On 15 March 1922 the first intake of seventy five boys joined ship in Simon's Bay. General Botha's wife was supposed to conduct the official christening, but she was feeling poorly, with the result that Isie Smuts had to officiate on 1 April 1922. The TS General Botha remained in Simon's Bay for the next twenty years, during which 1,276 cadets received their training. The presence of German submarines in the southern oceans in 1942 caused the naval authorities to become concerned for the safety of the cadets living on board the TS General Botha. They were therefore moved up to Red Hill, but still went down to the ship for their daily training. At the end of the year the TS General Botha was commandeered by the navy and berthed in the dockyard for the rest of the war.

After the war it was found that the TS General Botha was beyond economical repair. On 13 May 1947 she was towed into False Bay to a position nine nautical miles ESE of the Roman Rock lighthouse and sunk by gunfire from Scala battery.

===The South African Nautical College General Botha===
At the end of April 1948 the cadets were moved to the former SAAF crash boat station at Gordons Bay. The name of the establishment was changed to The South African Nautical College General Botha and the new Captain-Superintendent was Captain G V Legassick RNR. For the next 10 years General Botha prospered. A new engineering course was introduced as well. Then in 1958 the government decided to place the establishment under the control of the South African Navy.

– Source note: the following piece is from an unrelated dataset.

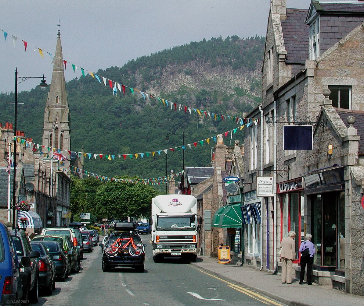 The busy streets Ballater. The town dates from the 19th when it was a popular destination for those visiting the nearby Pannanich Wells Spa. Ballater station was where the Royal family would arrive when visiting nearby Balmoral Castle. The Railway line was closed many years ago and the station is now a visitor centre. Map location

===South African Naval College===
Captain Legassick was replaced with Commander SC Biermann, on whom rested the unenviable job of combining the courses for the Merchant Marine and the Navy, while remaining the commanding officer of the Naval Gymnasium in Saldanha. This difficult relationship between the two services continued until 1966, when the new South African Merchant Navy Academy was established at Granger Bay.